Re: [rfc] fsync_range?

Jamie Lokier <jamie@xxxxxxxxxxxxx> · Thu, 22 Jan 2009 03:41:24 +0000

Bryan Henderson wrote:
> > No, why would it block?  The block queue has room for (say) 100 small
> > file ranges.  If you submit 1000 ranges, sure the first 900 may block,
> > then you've got 100 left in the queue.
> 
> Yes, those are the blocks Nick mentioned.  They're the same as with 
> multi-range fsync_range(),
> in which the one system call submits 1000 ranges.

Yes, except that fsync_range() theoretically has flexibility to order
them prior to the block queue with filesystem internal knowledge.  I
doubt if that would ever be implemented, but you never know.

> > Then you call fsync_range() 1000 times, the first 900 are NOPs as you
> > say because the data has been written.  The remaining 100 (size of the
> > block queue) are forced to write serially.  They're even written to
> > the disk platter in order.
> 
> I don't see why they would go serially or in any particular order.

You're right, please ignore my brain fart.
> >Linux has a combined flush+barrier primitve in the block layer.
> >Actually it's not a primitive op, it's a flag on a write meaning "do
> >flush+barrier before and after this write",
> 
> I think you said that wrong, because a barrier isn't something you do. The 
> flag says, "put a barrier before and after this write," and I think you're 
> saying it also implies that as the barrier passes, Linux does a device 
> flush (e.g. SCSI Synchronize Cache) command.  That would make sense as a 
> poor man's way of propagating the barrier into the device.  SCSI devices 
> have barriers too, but they would be harder for Linux to use than a 
> Synchronize Cache, so maybe Linux doesn't yet.

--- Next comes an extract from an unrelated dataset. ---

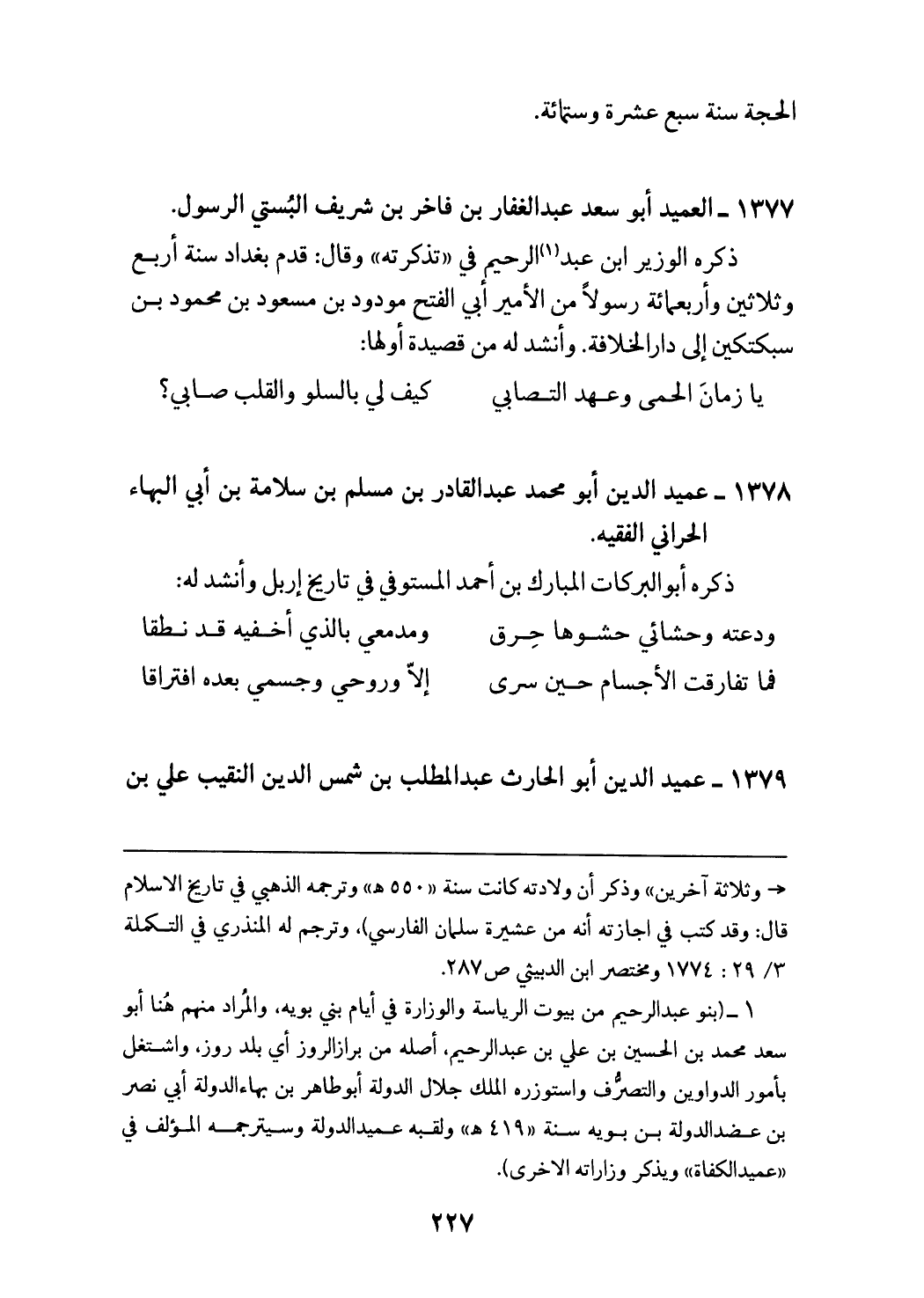 (¬1) (بنو عبد الرحيم من بيوت الرياسة والوزارة في أيام بني بويه، والمراد منهم هنا أبو سعد محمد بن الحسين بن علي بن عبد الرحيم، أصله من براز الروز أي بلد روز، واشتغل بأمور الدواوين والتصرّف واستوزره الملك جلال الدولة أبو طاهر بن بهاء الدولة أبي نصر بن عضد الدولة بن بويه سنة «419 هـ» ولقبه عميد الدولة وسيترجمه المؤلف في «عميد الكفاة» ويذكر وزاراته الاخرى).

That's all correct.  Linux does a device flush on PATA if the device
write cache is enabled; I don't know if it does one on SCSI.  Two
flushes are done, before and after the flagged write I/O.  There's a
"softbarrier" aspect too: other writes cannot be reordered around
these I/Os, and on devices which accept overlapping commands, the
device queue is drained around the softbarrier.

On PATA that's really all you can do.  On SATA with NCQ, and on SCSI,
if the device accepts1 enough commands in flight at once, it's cheaper
to disable the device write cache.  It's a balancing act, depending on
how often you flush.  I don't think Linux has ever used the SCSI
barrier capabilities.

One other thing it can do is synchronous write, called FUA on SATA, so
flush+write+flush becomes flush+syncwrite.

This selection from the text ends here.